TiVo will offer personalized Match Scores to help you find your next streaming service

If you’re gazing longingly at new streaming services but can’t actually afford all of them, TiVo says it can help you choose.

In recent years, the company has been trying to evolve beyond the DVR business by creating products that make it easier for consumers to navigate the increasingly fragmented TV landscape. Earlier this year, it launched the Tivo Stream 4K, a $50 Android TV dongle.

In a blog post, TiVo said that its goal is to help you answer questions like, “Do I need a live TV lineup? If so, what’s the optimal service and line-up for me?

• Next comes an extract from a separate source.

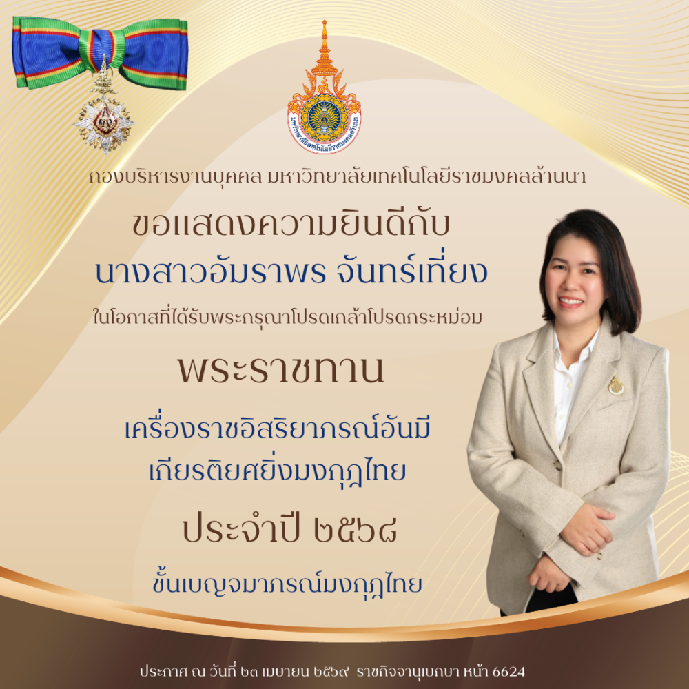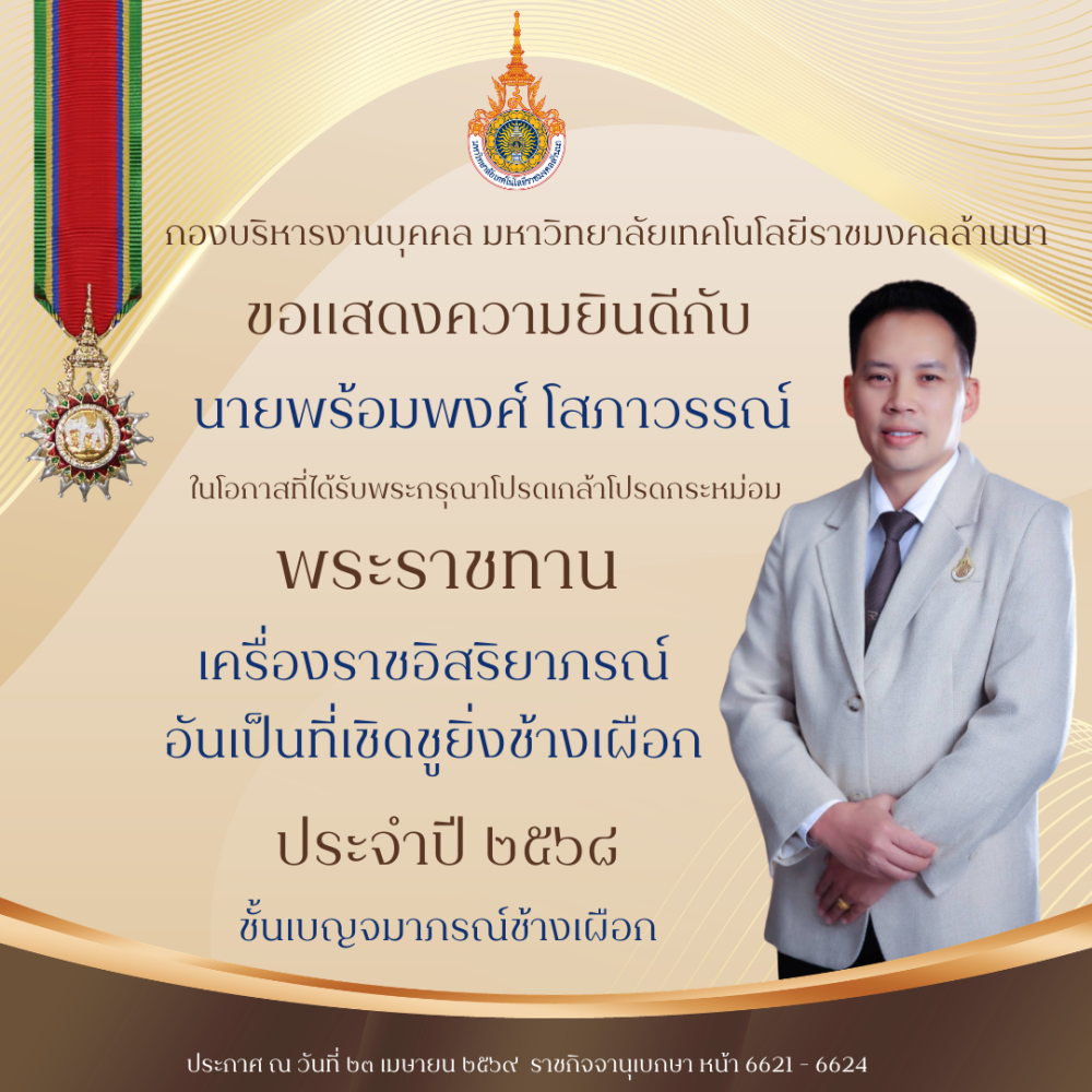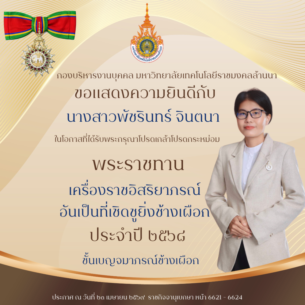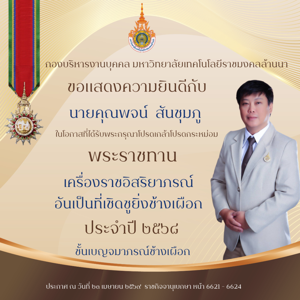 โลโก้เว็บไซต์ ขอแสดงความยินดีกับทุกท่านที่ได้รับ พระราชทานเครื่องราชอิสริยาภรณ์อันเป็นที่เชิดชูยิ่งช้างเผือก และเครื่องราชอิสริยาภรณ์อันมีเกียรติยศยิ่งมงกฎไทย ชั้นต่ำกว่าสายสะพาย ประจำปี ๒๕๖๘ | กองบริหารงานบุคคล มหาวิทยาลัยเทคโนโลยีราชมงคลล้านนา

Which streaming services best fit my taste and consumption profile?” The TiVo Stream 4K was the first step in that strategy, and today’s launch of TiVo Match Scores is the second.

The idea is pretty simple: When you browse different streaming services in the My Services section of the TiVo Stream interface, you’ll start seeing personalized scores between 1 and 100. The higher the score, the more likely that the service is a good fit for you.

TiVo Match Scores

Image Credits: TiVo

Vice President of Product Chris Thun told me via email that with streaming services becoming increasingly protective of their viewership data, TiVo draws on a variety of data sources to calculate the scores for each viewer — the same data it uses to recommend movies and shows throughout the Tivo Stream experience.

“With TiVo Stream, we’re utilizing engagement-based personalization alongside the more traditional viewership data (in cases where views are made available to us) to tune our recommendations,” Thun said. “Ingredient signals driving engagement-based personalization include titles within TiVo Stream that you engage with, add to your watchlist, or make a partner app selection (strongly implying viewership).”

Thun said every streaming service that’s integrated with TiVo Stream will be scored. The company plans to roll out Match Scores over the next few days, with full deployment by the end of the week.